*** Available data ***

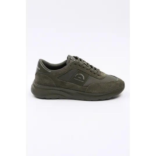 Karl Lagerfeld, Pantofi sport low-cut cu garnituri din piele intoarsa, Kaki, 44
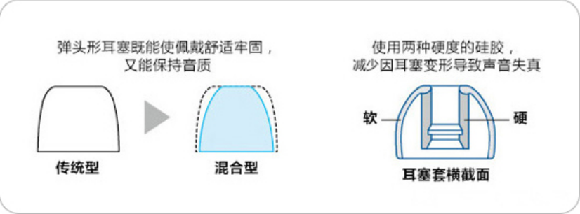采用混合两种硬度硅胶的耳塞,核心部分采用硬质材料保持音质,避免因耳塞变形导致声音失真,外围部分采用柔软材料让您可以上时间舒适的佩戴,而且提高了耳塞密闭性。
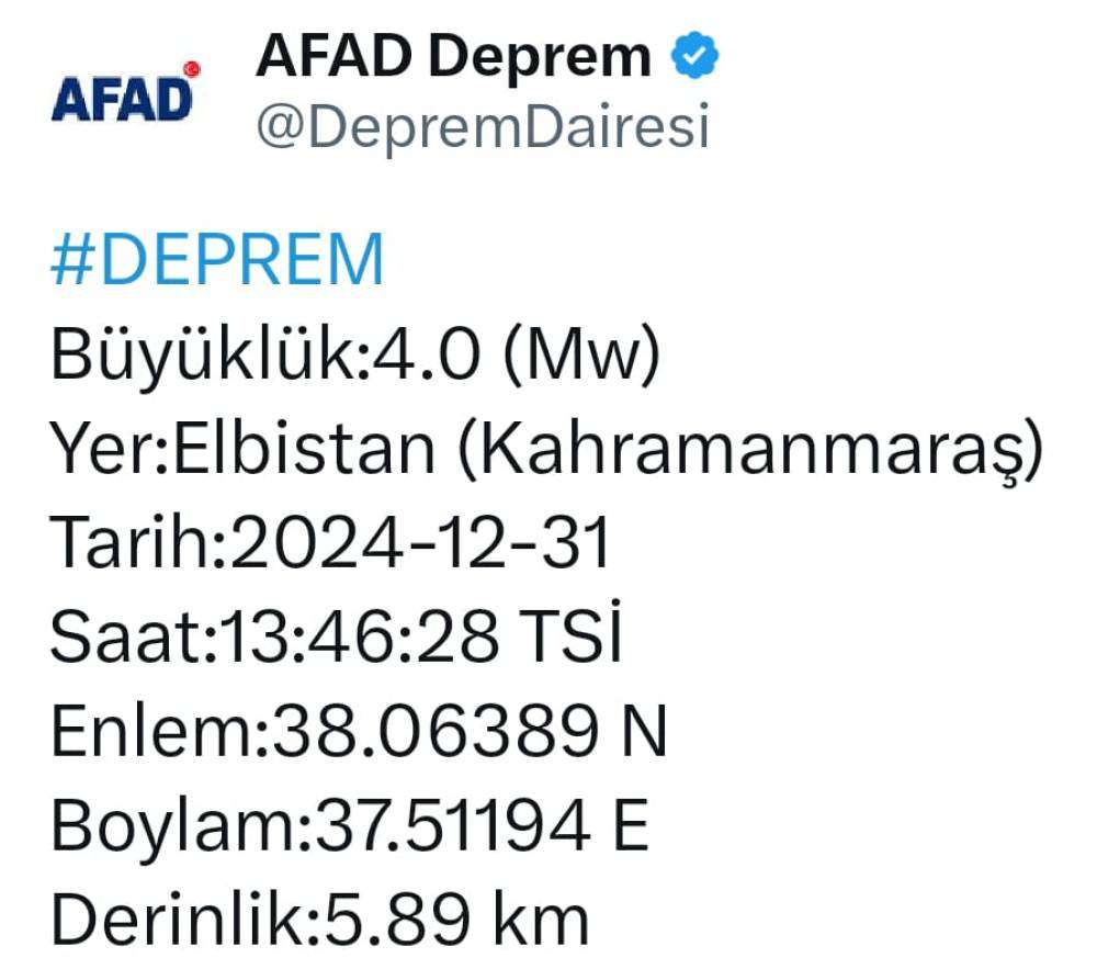 Afet ve Acil Durum (AFAD) Yönetimi Başkanlığı verilerine göre; merkez üssü Elbistan olan deprem, saat 13.46’da yerin 5.89 kilometre derinliğinde oldu. Depremde herhangi bir olumsuzluk yaşanmadı. Elbistan Kaymakamı Muhammet Fatih Demirel, “Şu an için bize, ilgili birimlerimize herhangi bir olumsuz ihbar gelmemiştir” dedi. (DHA)

*** End of Available data ***

> **Work request**: The response is the full listing, copied exactly, with the pictures omitted.

> **Solution for this exercise**:
 Karl Lagerfeld, Pantofi sport low-cut cu garnituri din piele intoarsa, Kaki, 44
采用混合两种硬度硅胶的耳塞,核心部分采用硬质材料保持音质,避免因耳塞变形导致声音失真,外围部分采用柔软材料让您可以上时间舒适的佩戴,而且提高了耳塞密闭性。
 Afet ve Acil Durum (AFAD) Yönetimi Başkanlığı verilerine göre; merkez üssü Elbistan olan deprem, saat 13.46’da yerin 5.89 kilometre derinliğinde oldu. Depremde herhangi bir olumsuzluk yaşanmadı. Elbistan Kaymakamı Muhammet Fatih Demirel, “Şu an için bize, ilgili birimlerimize herhangi bir olumsuz ihbar gelmemiştir” dedi. (DHA)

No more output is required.